Why is it okay to think of naturally isomorphic sets as being equal to each-other?

Question

Okay first of all here's what I understand of the two notions —

A natural Isomorphism between two sets is an isomorphism that can be constructed without any choices involved, like choosing a basis or an inner product or something of that nature to define the isomorphism.

Equality of 2 sets implies that the 2 sets contain the exact same elements.

My questions are particularly in regard to the natural isomorphism between a vector space ($V$) & its double dual ($(V^*)^*$) for finite dimensional vector spaces.

Question 1: We can prove that a vector space ($V$) is naturally isomorphic to its double dual double dual ($(V^*)^*$) but we cannot prove that they are equal, correct? Saying $V = (V^*)^*$ is an additional assertion that has nothing to do with the mathematics, right?

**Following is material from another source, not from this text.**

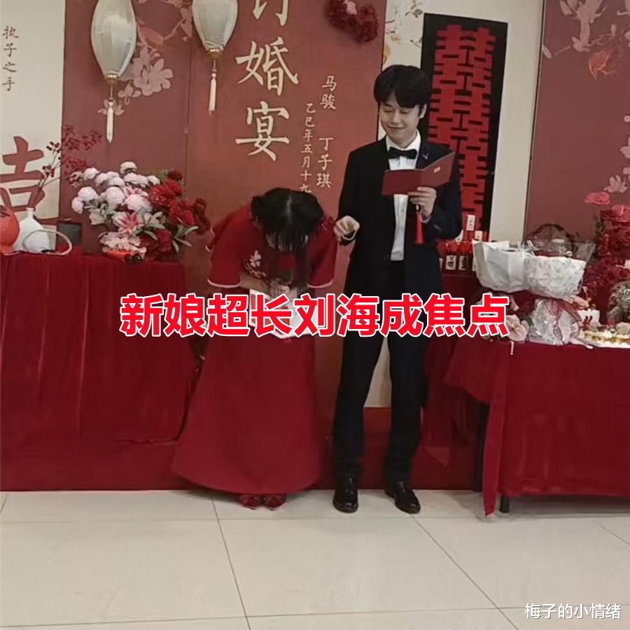 当新人默契十足的拿着主持稿感谢着现场来宾时,本该是一幅温馨和谐的画面,然而,当镜头聚焦到新娘的发型时,全场气氛却微妙地转向了戏剧性——超长的齐刘海如瀑布般垂落,几乎遮住整张脸,低头行礼时,隐约只露出苍白的下颌线,引得宾客们面面相觑。

Question 2: If so what's the motivation for making this assertion? I understand that this allows us to think of vectors as (1,0) tensors but is there a deeper reason for doing this?

Question 3: Consider a real inner product space $(V, <.,.>)$ equipped with a special distinguished inner product, then a map $$ \phi : V \longrightarrow V^*$$ $$ \ \ : v \longrightarrow <., v>$$ then $\phi$ ought to be a natural isomorphism too, right? Does this mean that we can equate $V = V^*$ such that $v = \phi (v)$ & draw no distinction between vectors & covectors?

Answer 1

A natural Isomorphism between 2 sets is an isomorphism that can be constructed without any choices involved, like choosing a basis or an inner product or something of that nature to define the isomorphism.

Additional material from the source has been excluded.